Les feuillus tendres et résineux (épicéa, pin, mélèze, acacia, peuplier, saule, sapin etc.) sont appréciés pour le fait qu'ils prennent facilement feu mais ils brûlent aussi plus vite ce qui convient pour une montée rapide en température. En général on s'en sert plutôt pour démarrer un feu. Prenez garde également au fait que les bois tendres se dégradent vite lorsqu'ils sont stockés dans de mauvaises conditions.

Chauffer correctement ça s'apprend

Il ne faut pas seulement choisir un combustible de qualité mais il faut aussi savoir l'utiliser convenablement: une bonne utilisation aura un impact sur les émissions ainsi que sur la quantité de combustible nécessaire pour chauffer. Cela commence déjà par le moment où on l'allume: en principe, il y a deux manières de brûler le bois dans la chambre de combustion, soit par en-haut, soit par en bas.

La méthode par en haut nécessite souvent plus de temps mais a pour avantage de ne laisser que très peu d'imbrûlés gazeux. Pour cela, il faut d'abord poser les bûches de bois dans le foyer et pour finir mettre par-dessus le petit bois. Glissez ensuite un allume-feu.

Pour allumer le feu par le bas, il faut d'abord poser le petit bois et l'allume-feu au fond du foyer, puis remettre par-dessus une couche de petits bois et enfin mettre les bûches de bois côte à côte avec la partie fendue vers le bas ou sur le côté. Durant la phase d'allumage, vous devez particulièrement veiller à ce qu'il y ait suffisamment d'air pour la combustion. C'est pourquoi le volet d'aération doit toujours être ouvert au début. Ensuite, les arrivées d'air ne doivent pas être trop étroites pendant la phase de combustion.

Si l'intérieur du poêle est resté clair et qu'il n'y a pas de dépôt de suie, cela signifie que vous avez correctement allumé le feu.

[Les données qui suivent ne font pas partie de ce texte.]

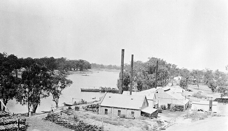 The Murray River at Mildura. The buildings in the foreground have very tall chimneys and there are large wood piles on the left.

Rechargement de combustible

Il ne suffit pas seulement de savoir allumer le feu correctement mais aussi de le réapprovisionner convenablement afin de limiter les émissions. Pour commencer, une fois que le bois est consumé (juste avant que la flamme s'éteigne), vous devez empiler de nouvelles bûches dans le foyer. À la différence du poêle en faïence de masse, le poêle-cheminée doit être plus fréquemment rechargé, et cela par petites quantités. Une surcharge du poêle peut conduire à des émissions polluantes plus élevées et à une perte de chaleur superflue via le gaz résiduel.

Entretien et contrôle par un artisan

Il est nécessaire de prévoir un entretien et un contrôle fréquent de votre futur foyer afin qu'il ne pollue pas et qu'il n'altère pas la pureté de l'air. Le mieux est de faire inspecter minutieusement son installation par un professionnel avant le début d'une nouvelle saison de chauffage. Bien sûr, vous pouvez aussi faire vos propres observations: vous pouvez constater par exemple de gros dépôts dans la chambre de combustion ou des restes de combustion de grosses quantités de combustible non consumé ou de particules de charbon ou de suie. Cela indique une combustion incomplète. Dans ce cas, parlez-en avec votre constructeur de poêles et de cheminées et laissez le vérifier la taille des bûches, la quantité et la qualité (humidité du bois) ainsi que l'aération. Il saura vous donner des conseils sûrs.